• [SOURCE RECORDS]
□ □ □ □

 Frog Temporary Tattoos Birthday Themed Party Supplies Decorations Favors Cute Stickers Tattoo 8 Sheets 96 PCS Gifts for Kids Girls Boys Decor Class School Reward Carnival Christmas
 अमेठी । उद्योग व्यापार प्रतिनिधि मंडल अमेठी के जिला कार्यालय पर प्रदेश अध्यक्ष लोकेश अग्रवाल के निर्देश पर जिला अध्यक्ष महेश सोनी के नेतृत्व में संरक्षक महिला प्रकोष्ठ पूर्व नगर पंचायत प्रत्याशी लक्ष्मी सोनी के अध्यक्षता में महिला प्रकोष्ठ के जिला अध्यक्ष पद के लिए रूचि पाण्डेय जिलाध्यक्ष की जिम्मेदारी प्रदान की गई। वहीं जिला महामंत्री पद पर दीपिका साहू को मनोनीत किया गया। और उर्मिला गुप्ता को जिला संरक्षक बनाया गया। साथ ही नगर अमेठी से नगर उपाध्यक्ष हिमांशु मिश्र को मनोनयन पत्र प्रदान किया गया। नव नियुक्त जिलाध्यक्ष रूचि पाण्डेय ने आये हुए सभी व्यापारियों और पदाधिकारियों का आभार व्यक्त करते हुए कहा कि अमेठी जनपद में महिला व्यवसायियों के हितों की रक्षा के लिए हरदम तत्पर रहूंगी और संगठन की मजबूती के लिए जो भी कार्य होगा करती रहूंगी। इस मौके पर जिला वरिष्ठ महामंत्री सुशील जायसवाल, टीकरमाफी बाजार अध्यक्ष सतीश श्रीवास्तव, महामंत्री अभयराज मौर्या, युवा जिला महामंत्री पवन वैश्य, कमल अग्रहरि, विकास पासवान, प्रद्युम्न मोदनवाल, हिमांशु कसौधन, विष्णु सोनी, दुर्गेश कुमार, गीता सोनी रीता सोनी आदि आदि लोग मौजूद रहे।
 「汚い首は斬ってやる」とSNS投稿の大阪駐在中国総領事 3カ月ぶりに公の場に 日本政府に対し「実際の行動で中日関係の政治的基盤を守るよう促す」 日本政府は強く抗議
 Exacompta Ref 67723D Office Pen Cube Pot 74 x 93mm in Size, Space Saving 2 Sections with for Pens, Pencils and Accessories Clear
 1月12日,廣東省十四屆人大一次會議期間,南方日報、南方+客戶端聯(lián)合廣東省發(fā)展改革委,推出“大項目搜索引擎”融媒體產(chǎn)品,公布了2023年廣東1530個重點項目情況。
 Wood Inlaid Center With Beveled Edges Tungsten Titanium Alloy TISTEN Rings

□ □ □ □

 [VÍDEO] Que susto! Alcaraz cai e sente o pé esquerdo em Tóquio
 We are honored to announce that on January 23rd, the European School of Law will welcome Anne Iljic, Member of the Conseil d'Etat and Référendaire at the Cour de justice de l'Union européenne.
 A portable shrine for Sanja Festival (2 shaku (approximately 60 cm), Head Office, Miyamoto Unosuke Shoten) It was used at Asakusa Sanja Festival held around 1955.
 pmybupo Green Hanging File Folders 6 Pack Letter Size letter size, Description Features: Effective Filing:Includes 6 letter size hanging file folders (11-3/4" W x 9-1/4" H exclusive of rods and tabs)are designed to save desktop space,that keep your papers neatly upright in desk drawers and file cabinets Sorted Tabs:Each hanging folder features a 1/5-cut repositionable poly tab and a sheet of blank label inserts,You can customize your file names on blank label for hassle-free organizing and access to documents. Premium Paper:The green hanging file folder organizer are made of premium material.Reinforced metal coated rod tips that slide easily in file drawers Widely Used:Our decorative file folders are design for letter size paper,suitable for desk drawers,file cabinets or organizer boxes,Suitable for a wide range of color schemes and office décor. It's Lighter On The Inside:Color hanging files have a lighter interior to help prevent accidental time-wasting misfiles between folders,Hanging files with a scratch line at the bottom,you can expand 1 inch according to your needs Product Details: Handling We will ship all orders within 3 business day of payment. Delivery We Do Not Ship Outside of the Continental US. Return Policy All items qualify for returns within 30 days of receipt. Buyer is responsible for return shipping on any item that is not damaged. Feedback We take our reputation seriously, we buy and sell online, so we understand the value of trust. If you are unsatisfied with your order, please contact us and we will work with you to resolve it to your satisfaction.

□ □ □ □

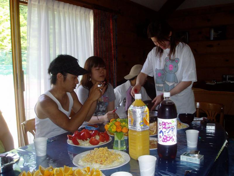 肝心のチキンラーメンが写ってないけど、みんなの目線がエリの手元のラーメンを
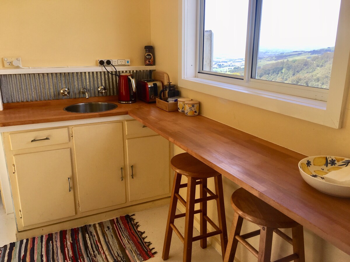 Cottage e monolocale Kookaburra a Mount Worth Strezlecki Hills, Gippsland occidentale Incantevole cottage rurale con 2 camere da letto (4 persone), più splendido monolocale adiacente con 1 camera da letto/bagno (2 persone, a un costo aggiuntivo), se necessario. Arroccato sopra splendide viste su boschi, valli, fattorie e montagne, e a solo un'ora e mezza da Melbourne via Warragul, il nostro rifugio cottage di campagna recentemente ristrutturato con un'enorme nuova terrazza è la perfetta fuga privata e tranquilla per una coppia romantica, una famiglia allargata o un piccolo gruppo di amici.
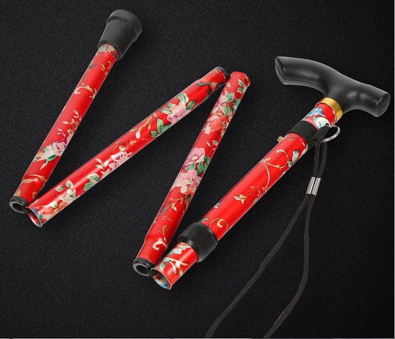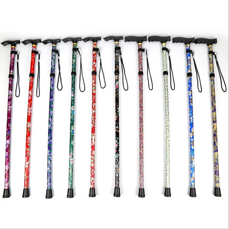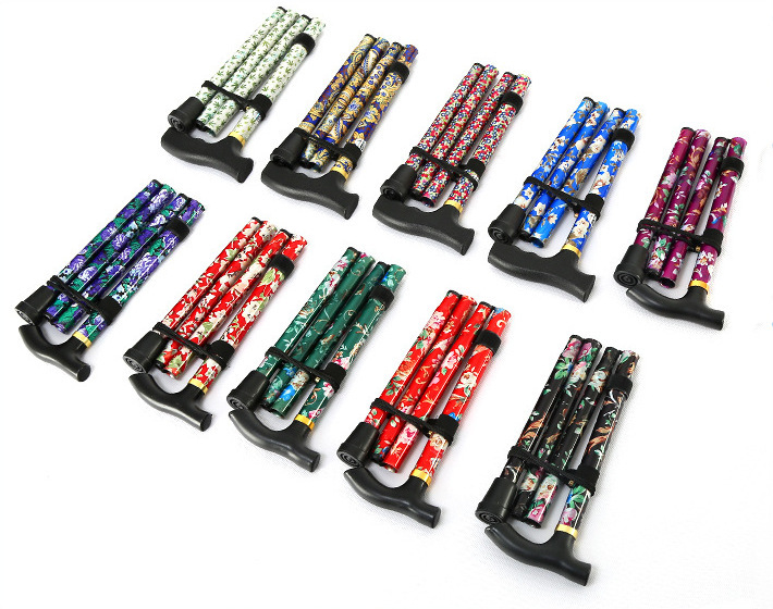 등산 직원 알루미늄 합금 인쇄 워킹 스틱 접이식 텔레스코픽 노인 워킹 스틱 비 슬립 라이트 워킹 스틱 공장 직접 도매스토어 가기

□ □ □ □

• [WHAT IS NEEDED] When you reach the line with "We are honored" in the records above, start writing out lines exactly, and stop once the line with "A portable shrine" has been written; include nothing else.

• [TASK RESPONSE]
 We are honored to announce that on January 23rd, the European School of Law will welcome Anne Iljic, Member of the Conseil d'Etat and Référendaire at the Cour de justice de l'Union européenne.
 A portable shrine for Sanja Festival (2 shaku (approximately 60 cm), Head Office, Miyamoto Unosuke Shoten) It was used at Asakusa Sanja Festival held around 1955.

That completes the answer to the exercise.